As an exammple, consider the method of ridge regression for LS linear regression. If the $N$ data points in the training set are barely independent, then matrix ${\bf XX}^T$ has full rank but is very close to singularity, and its smallest eigenvalue $\lambda_{min}$ , the smallest singular value $\sigma_{min}=\sqrt{\lambda_{min}}$ of ${\bf A}$ , is close to zero, and the normal equation ${\bf XX}^T{\bf w}={\bf Xy}$ (Eq. (115)) is ill-conditioned. Now the solution ${\bf w}=({\bf X}^T)^-{\bf y}$ based on the pseudo-inverse is unstable and prone to noise. Any minor change due to noise in the dataset (in either ${\bf X}$ or ${\bf y}$ ) may cause a huge change in ${\bf w}$ , i.e., the resulting ${\bf w}$ has a large variance error and the regression model overfits the data and is therefore poor generalizable.

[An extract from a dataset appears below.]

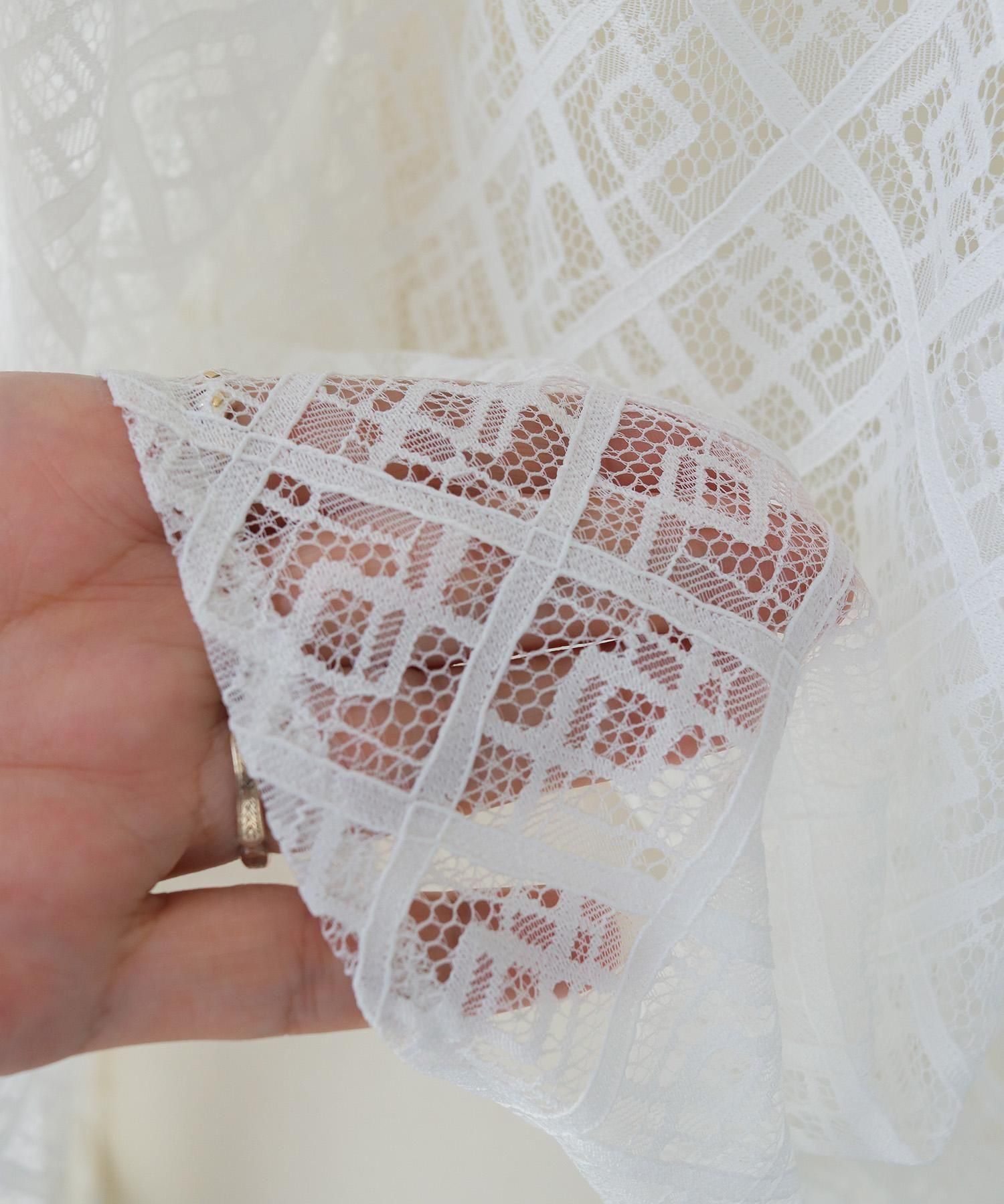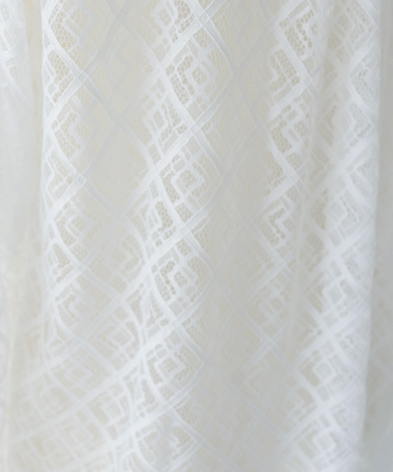 透け感のある幾何学模様のレースが上品で、程よい抜け感を演出。

In this case, the ridge regression method can be used to regularize the ill-conditioned problem by constructing an objective function $J({\bf w})$ that contains a regularization or penalty term $\lambda\vert\vert{\bf w}\vert\vert^2/2$ to discourage large weights while minimizing the error $\varepsilon=\vert\vert{\bf r}\vert\vert^2/2$ :

$\displaystyle J({\bf w})=\frac{1}{2}\vert\vert{\bf y}-{\bf X}^T{\bf w}\vert\vert^2 +\frac{\lambda}{2}\vert\vert{\bf w}\vert\vert^2$

(142)

This method is in general call weight decay and the hyperparameter $\lambda$ is called the weight decay parameter. Solving the equation

$\displaystyle \frac{d}{d{\bf w}} J({\bf w}) ={\bf XX}^T{\bf w}-{\bf Xy}+\lambda{\bf w} =({\bf XX}^T+\lambda{\bf I}){\bf w}-{\bf Xy} ={\bf0}$

(143)

we get

$\displaystyle {\bf w}^*=({\bf XX}^T+\lambda{\bf I})^{-1}{\bf Xy}$

(144)

Now a proper tradeoff between accuracy and stability can be made by adjusting the hyperparameter $\lambda$ :

Small $\lambda$ : the solution is more accurate but also more prone to noise and therefore less stable, i.e., large variance error but small bias error, or overfitting;
Large $\lambda$ : the solution is more stable as it is less affacted by noise, but it may be less accurate, i.e., small variance error but large bias error, or underfitting.